The detailed and chronological process information captured by sessions makes them an extremely useful asset for alerting, compliance, and threat hunting.

Lessons learned

For our experiments, we used a GPT-4 deployment with a 32k token limit available via Azure AI Studio. Tokens are basic units of text or code that LLMs use to process and generate language. Our goal here was to see how far we can get with user session summarization within the prompting paradigm alone. We learned some things along the way as it related to data processing, prompt engineering, hallucinations, parameter tuning, and evaluating the GPT summaries.

Data processing

Takeaway: An aggregated JSON snapshot of the session is an effective input format for summarization.

A session here is simply a collection of process, network, file, and alert events. The number of events in a user session can range from a handful (< 10) to hundreds of thousands. Each event log itself can be quite verbose, containing several hundred fields. For longer sessions with a large number of events, one can quickly run into token limits for models like GPT-4. Hence, passing raw logs as input to GPT-4 is not as useful for our specific use case. We saw this during experimentation, even when using tabular formats such as CSV, and using a small subset of fields in the logs.

Max token limit (32k) is reached for sessions containing a few hundred events

To get around this issue, we had to come up with an input format that retains as much of the session's context as possible, while also keeping the number of input tokens more or less constant irrespective of the length of the session. We experimented with several log de-duplication and aggregation strategies and found that an aggregated JSON snapshot of the session works well for summarization. An example document is as follows:

Aggregated JSON snapshot of session activity

This JSON snapshot highlights the most prominent activities in the session using de-duplicated lists, aggregate counts, and top-N (20 in our case) most frequent terms, with self-explanatory field names.

Prompt engineering

Takeaway: Few-shot tuning with high-level instructions worked best.

Apart from data processing, most of our time during experimentation was spent on prompt tuning.
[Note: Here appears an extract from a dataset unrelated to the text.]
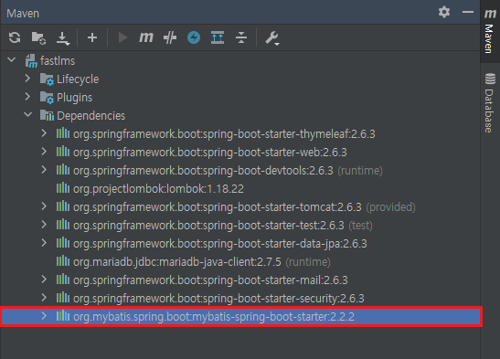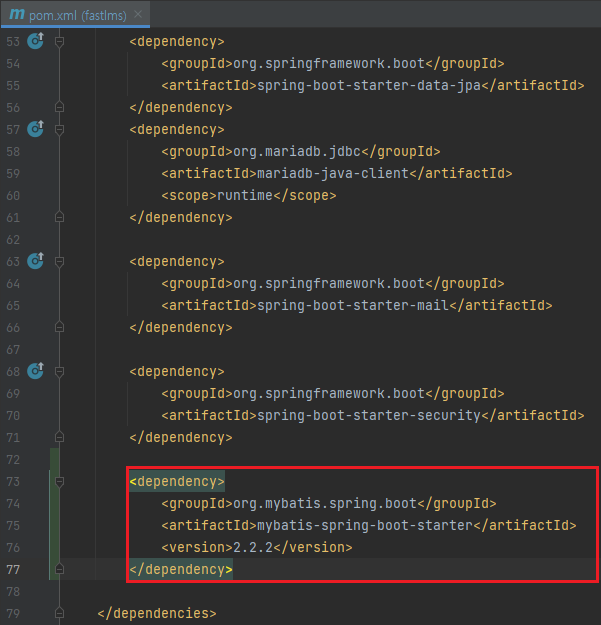 - fastlms프로젝트의 pom.xml 파일에 mybatis dependency 붙여넣기

We started with a basic prompt and found that the model had a hard time connecting the dots to produce a useful summary:

You are an AI assistant that helps people find information.

We then tried providing very detailed instructions in the prompt but noticed that the model ignored some of the instructions:

You are a cybersecurity assistant, who helps Security analysts in summarizing activities that transpired in a Linux session. A summary of events that occurred in the session will be provided in JSON format. No need to explicitly list out process names and file paths. Summarize the session in ~3 paragraphs, focusing on the following: 
- Entities involved in the session: host name and user names.
- Overview of any network activity. What major source and destination ips are involved? Any malicious port activity?
- Overview of any file activity. Were any sensitive files or directories accessed?
- Highlight any other important process activity
- Looking at the process, network, and file activity, what is the user trying to do in the session? Does the activity indicate malicious behavior?

Based on the above prompt, the model did not reliably adhere to the 3 paragraph request and also listed out process names and file paths which it was explicitly told not to do.

Finally, we landed on the following prompt that provided high-level instructions for the model:

Analyze the following Linux user session, focusing on:      
- Identifying the host and user names      
- Observing activities and identifying key patterns or trends      
- Noting any indications of malicious or suspicious behavior such as tunneling or encrypted traffic, login failures, access to sensitive files, large number of file creations and deletions, disabling or modifying Security software, use of Shadow IT, unusual parent-child process executions, long-running processes
- Conclude with a comprehensive summary of what the user might be trying to do in the session, based on the process, network, and file activity     
 ###
 Text: {your input here}

We also noticed that the model follows instructions more closely when they're provided in user prompts rather than in the system prompts (a system prompt is the initial instruction to the model telling it how it should behave and the user prompts are the questions/queries asked by a user to the model). After the above prompt, we were happy with the content of the summaries, but the output format was inconsistent, with the model switching between paragraphs and bulleted lists. We were able to resolve this with few-shot tuning, by providing the model with two examples of user prompts vs. expected responses.

Hallucinations

Takeaway: The model occasionally hallucinates while generating net new content for the summaries.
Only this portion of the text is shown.